**TO DO**.
Using the entries below, output each line exactly from the first through the one that contains "关于拨付县城犬只狂犬病强制免疫劳务费的函".

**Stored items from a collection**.
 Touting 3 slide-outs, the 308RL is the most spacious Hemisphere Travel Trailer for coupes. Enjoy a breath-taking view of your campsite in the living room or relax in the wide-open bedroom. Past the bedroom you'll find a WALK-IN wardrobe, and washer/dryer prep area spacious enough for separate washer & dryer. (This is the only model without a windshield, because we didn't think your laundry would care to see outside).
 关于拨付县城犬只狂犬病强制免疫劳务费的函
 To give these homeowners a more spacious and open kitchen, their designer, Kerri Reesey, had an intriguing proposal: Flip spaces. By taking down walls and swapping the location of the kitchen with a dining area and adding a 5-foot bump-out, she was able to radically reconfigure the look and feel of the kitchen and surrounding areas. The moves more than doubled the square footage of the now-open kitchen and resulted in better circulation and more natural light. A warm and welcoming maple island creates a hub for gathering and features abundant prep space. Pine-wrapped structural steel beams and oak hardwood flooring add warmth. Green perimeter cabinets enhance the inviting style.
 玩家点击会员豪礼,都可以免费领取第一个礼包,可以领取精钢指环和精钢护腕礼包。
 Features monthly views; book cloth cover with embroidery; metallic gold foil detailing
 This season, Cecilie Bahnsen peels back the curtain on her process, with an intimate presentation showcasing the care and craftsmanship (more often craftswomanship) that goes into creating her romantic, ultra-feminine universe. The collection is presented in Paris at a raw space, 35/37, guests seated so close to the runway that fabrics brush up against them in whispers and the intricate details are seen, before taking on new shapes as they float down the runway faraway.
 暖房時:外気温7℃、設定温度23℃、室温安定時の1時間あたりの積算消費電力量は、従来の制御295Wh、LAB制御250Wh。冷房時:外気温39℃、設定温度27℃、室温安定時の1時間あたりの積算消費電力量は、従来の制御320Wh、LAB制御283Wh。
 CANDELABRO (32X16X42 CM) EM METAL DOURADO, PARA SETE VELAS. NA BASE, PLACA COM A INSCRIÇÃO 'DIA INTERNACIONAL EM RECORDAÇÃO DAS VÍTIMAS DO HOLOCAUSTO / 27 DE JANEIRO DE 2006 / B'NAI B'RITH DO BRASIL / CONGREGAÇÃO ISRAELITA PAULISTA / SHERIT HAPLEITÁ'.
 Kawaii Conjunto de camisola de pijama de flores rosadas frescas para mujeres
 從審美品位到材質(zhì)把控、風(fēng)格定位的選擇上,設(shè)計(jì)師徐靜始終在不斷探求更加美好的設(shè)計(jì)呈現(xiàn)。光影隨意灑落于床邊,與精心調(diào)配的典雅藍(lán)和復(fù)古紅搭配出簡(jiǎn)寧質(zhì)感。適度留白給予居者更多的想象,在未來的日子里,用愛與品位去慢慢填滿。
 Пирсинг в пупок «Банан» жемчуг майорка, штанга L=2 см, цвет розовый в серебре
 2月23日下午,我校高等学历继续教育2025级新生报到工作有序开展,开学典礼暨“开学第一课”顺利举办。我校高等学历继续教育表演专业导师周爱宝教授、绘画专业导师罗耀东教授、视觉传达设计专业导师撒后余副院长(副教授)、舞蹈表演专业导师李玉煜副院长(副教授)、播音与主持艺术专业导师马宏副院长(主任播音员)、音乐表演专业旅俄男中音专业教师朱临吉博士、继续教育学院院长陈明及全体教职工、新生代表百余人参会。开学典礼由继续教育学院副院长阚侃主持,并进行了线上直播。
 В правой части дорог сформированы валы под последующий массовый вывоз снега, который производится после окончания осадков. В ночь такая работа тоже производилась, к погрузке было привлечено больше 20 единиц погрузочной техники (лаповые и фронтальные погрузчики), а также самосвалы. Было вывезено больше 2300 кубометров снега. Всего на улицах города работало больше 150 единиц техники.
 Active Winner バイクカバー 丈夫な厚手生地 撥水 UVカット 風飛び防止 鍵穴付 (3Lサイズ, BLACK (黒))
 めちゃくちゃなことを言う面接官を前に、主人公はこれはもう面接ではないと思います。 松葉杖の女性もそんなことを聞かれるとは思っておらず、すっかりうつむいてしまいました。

**RESULT OF THE EXERCISE**.
 Touting 3 slide-outs, the 308RL is the most spacious Hemisphere Travel Trailer for coupes. Enjoy a breath-taking view of your campsite in the living room or relax in the wide-open bedroom. Past the bedroom you'll find a WALK-IN wardrobe, and washer/dryer prep area spacious enough for separate washer & dryer. (This is the only model without a windshield, because we didn't think your laundry would care to see outside).
 关于拨付县城犬只狂犬病强制免疫劳务费的函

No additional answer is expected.